___ EXCERPTED RECORDS ___
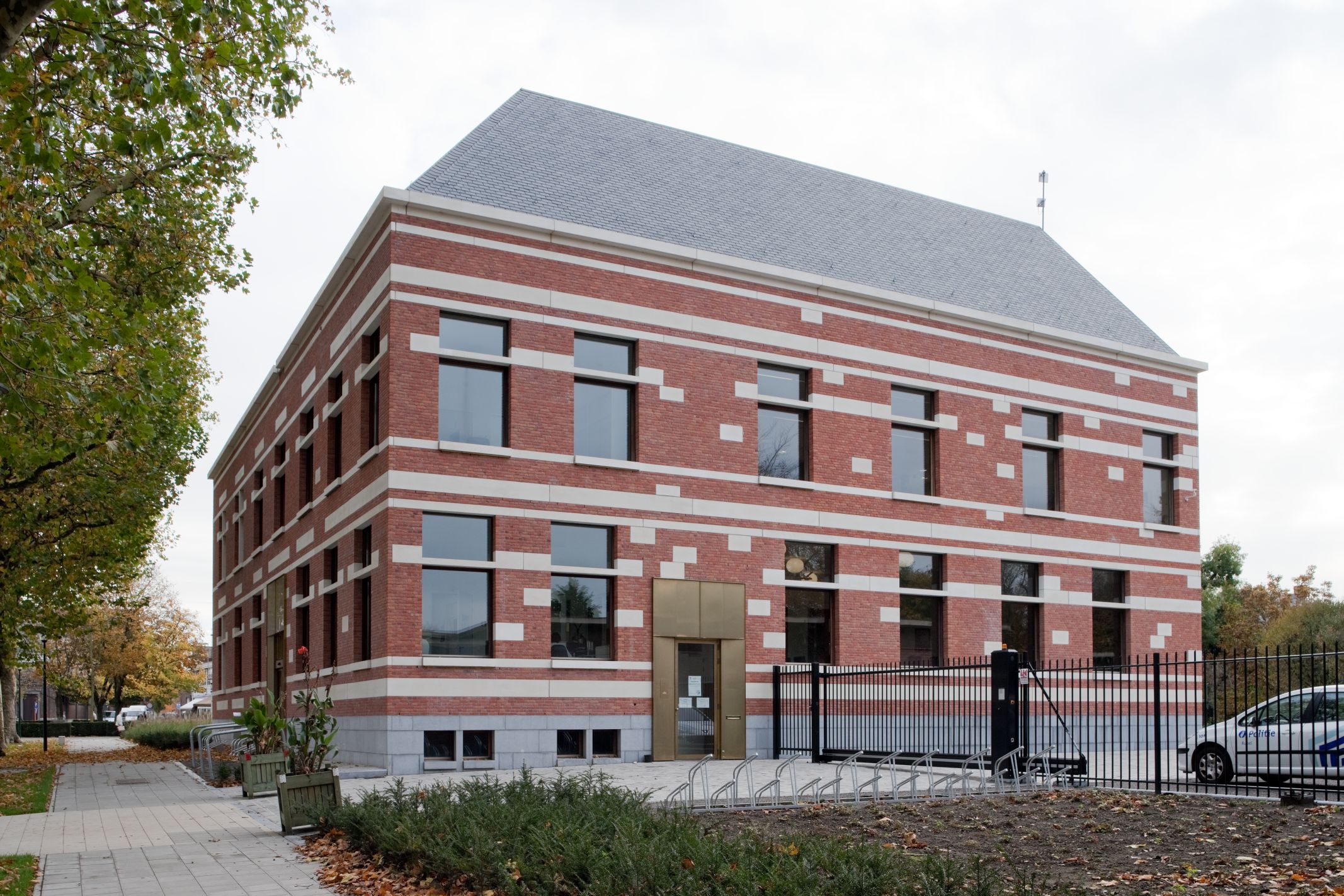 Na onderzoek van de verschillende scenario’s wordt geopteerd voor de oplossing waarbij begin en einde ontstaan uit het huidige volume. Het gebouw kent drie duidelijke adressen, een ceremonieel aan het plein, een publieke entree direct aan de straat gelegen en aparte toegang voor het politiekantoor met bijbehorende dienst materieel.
___
___ EXCERPTED RECORDS ___
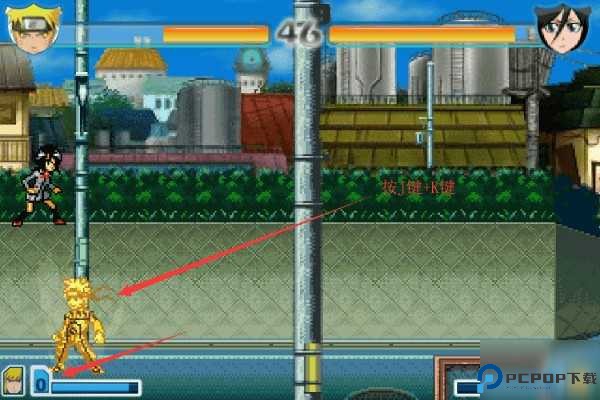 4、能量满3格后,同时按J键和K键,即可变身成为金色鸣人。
___
___ EXCERPTED RECORDS ___
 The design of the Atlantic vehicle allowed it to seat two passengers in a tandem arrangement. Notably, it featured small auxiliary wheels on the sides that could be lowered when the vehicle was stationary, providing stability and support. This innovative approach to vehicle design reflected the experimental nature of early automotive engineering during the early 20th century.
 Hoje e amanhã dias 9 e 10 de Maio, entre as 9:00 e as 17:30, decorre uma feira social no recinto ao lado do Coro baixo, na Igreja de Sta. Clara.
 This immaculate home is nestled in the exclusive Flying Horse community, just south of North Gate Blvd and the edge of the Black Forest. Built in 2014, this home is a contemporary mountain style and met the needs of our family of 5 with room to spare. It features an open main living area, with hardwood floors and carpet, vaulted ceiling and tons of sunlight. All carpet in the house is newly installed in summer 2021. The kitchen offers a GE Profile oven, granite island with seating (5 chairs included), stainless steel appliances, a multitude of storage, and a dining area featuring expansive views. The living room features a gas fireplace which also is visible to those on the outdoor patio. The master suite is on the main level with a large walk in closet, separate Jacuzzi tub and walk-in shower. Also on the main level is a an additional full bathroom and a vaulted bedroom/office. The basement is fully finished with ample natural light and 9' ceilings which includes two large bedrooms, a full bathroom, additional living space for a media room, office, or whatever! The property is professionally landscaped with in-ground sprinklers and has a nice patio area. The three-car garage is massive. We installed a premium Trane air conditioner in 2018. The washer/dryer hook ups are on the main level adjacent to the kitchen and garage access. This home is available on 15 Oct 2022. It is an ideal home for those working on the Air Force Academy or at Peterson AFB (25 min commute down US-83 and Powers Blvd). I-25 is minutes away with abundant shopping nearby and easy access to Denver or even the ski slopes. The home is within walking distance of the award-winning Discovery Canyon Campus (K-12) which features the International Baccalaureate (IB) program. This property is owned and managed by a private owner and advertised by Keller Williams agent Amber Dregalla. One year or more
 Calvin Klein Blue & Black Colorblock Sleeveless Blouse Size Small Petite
___
WHAT YOU HAVE TO DO: Which lines above run from the one containing "The design of" to the one containing "Hoje e amanhã"? Give them again exactly, both ends included.

FINAL ANSWER:
 The design of the Atlantic vehicle allowed it to seat two passengers in a tandem arrangement. Notably, it featured small auxiliary wheels on the sides that could be lowered when the vehicle was stationary, providing stability and support. This innovative approach to vehicle design reflected the experimental nature of early automotive engineering during the early 20th century.
 Hoje e amanhã dias 9 e 10 de Maio, entre as 9:00 e as 17:30, decorre uma feira social no recinto ao lado do Coro baixo, na Igreja de Sta. Clara.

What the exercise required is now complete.